## TASK PROMPT
An exact copy of the entries below is needed, with every picture left out.
*** EXERCISE MATERIAL Section Begins ***
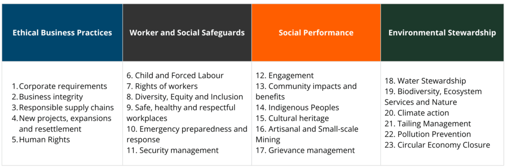 The Consolidated Mining Standard is structured around the 24 Performance Areas listed above, each of which will be assessed across three progressive levels:
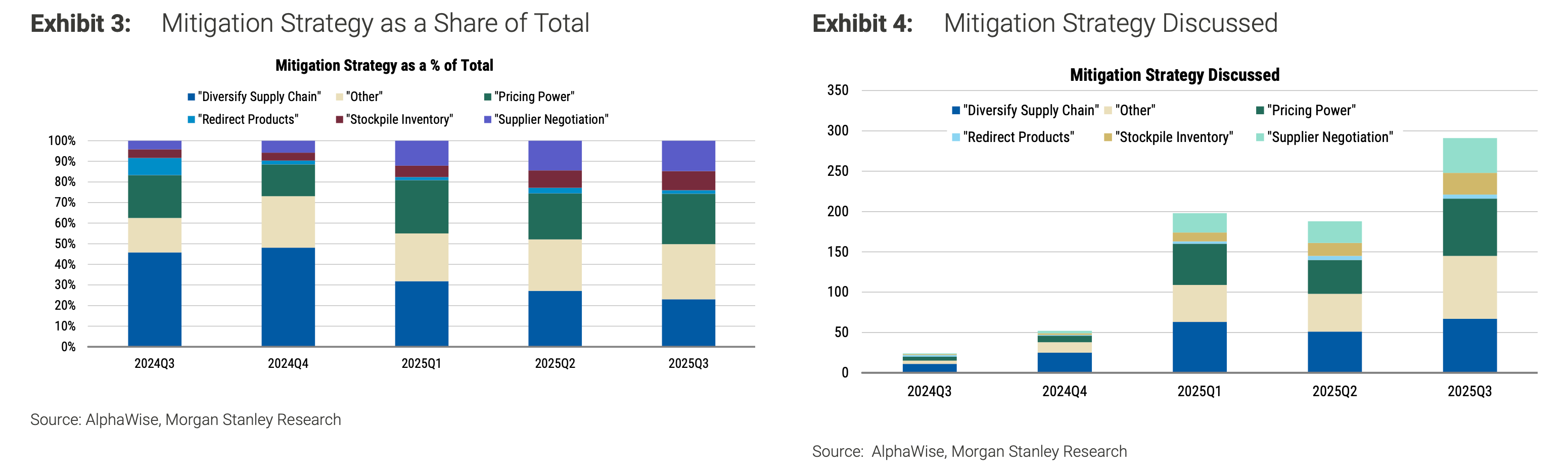 This is in line with Morgan Stanleyβs analysis of Q2 earnings calls: βUnsurprisingly, we saw a significant increase in the number of mentions of tariff mitigation strategies last quarter with many companies citing multiple strategies.β
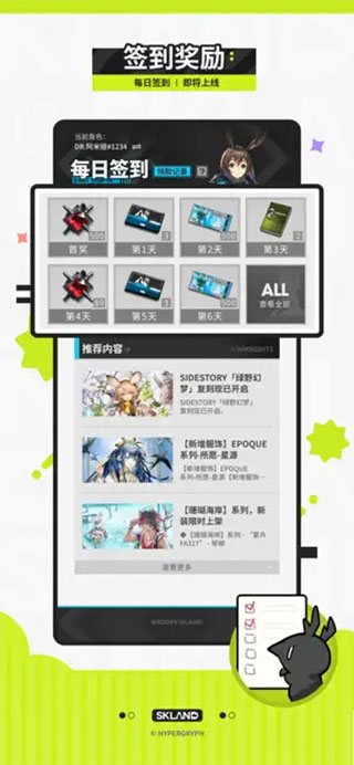 提供每日签到福利,玩家可以通过签到获得合成玉、龙门币等丰富的游戏奖励。
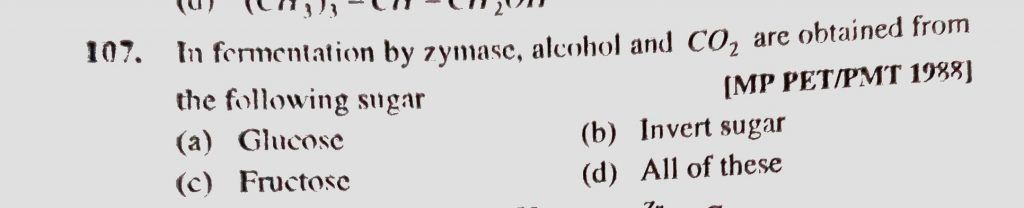 In fermentation by zymase, alcohol and CO2 are obtained from the following sugar (a) Glucose (b) Invert sugar (c) Fructose (d) All of these alcohol and CO2 are obtained from the following sugar (a) Glucose (b) Invert sugar (c) Fructose (d) All of these In fermentation by zymase February 13, 2021 Category: Uncategorised (JEE Advanced Physics by BM Sharma + GMP Solutions) , Facebook Messenger WhatsApp Share this:TwitterFacebook Related
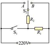 24.某种带保温功能的电热水壶,其发热部分电路如图所示。已知电源电压U=220V保持不变,电阻丝R1=110Ω、R2=88Ω。通过调节开关S1、S2可以实现低温、中温、高温三挡的切换;当水温降到60℃时,电路自动切换成低温挡进行保温。已知
*** EXERCISE MATERIAL Section Ends ***
## TASK OUTPUT
 The Consolidated Mining Standard is structured around the 24 Performance Areas listed above, each of which will be assessed across three progressive levels:
 This is in line with Morgan Stanleyβs analysis of Q2 earnings calls: βUnsurprisingly, we saw a significant increase in the number of mentions of tariff mitigation strategies last quarter with many companies citing multiple strategies.β
 提供每日签到福利,玩家可以通过签到获得合成玉、龙门币等丰富的游戏奖励。
 In fermentation by zymase, alcohol and CO2 are obtained from the following sugar (a) Glucose (b) Invert sugar (c) Fructose (d) All of these alcohol and CO2 are obtained from the following sugar (a) Glucose (b) Invert sugar (c) Fructose (d) All of these In fermentation by zymase February 13, 2021 Category: Uncategorised (JEE Advanced Physics by BM Sharma + GMP Solutions) , Facebook Messenger WhatsApp Share this:TwitterFacebook Related
 24.某种带保温功能的电热水壶,其发热部分电路如图所示。已知电源电压U=220V保持不变,电阻丝R1=110Ω、R2=88Ω。通过调节开关S1、S2可以实现低温、中温、高温三挡的切换;当水温降到60℃时,电路自动切换成低温挡进行保温。已知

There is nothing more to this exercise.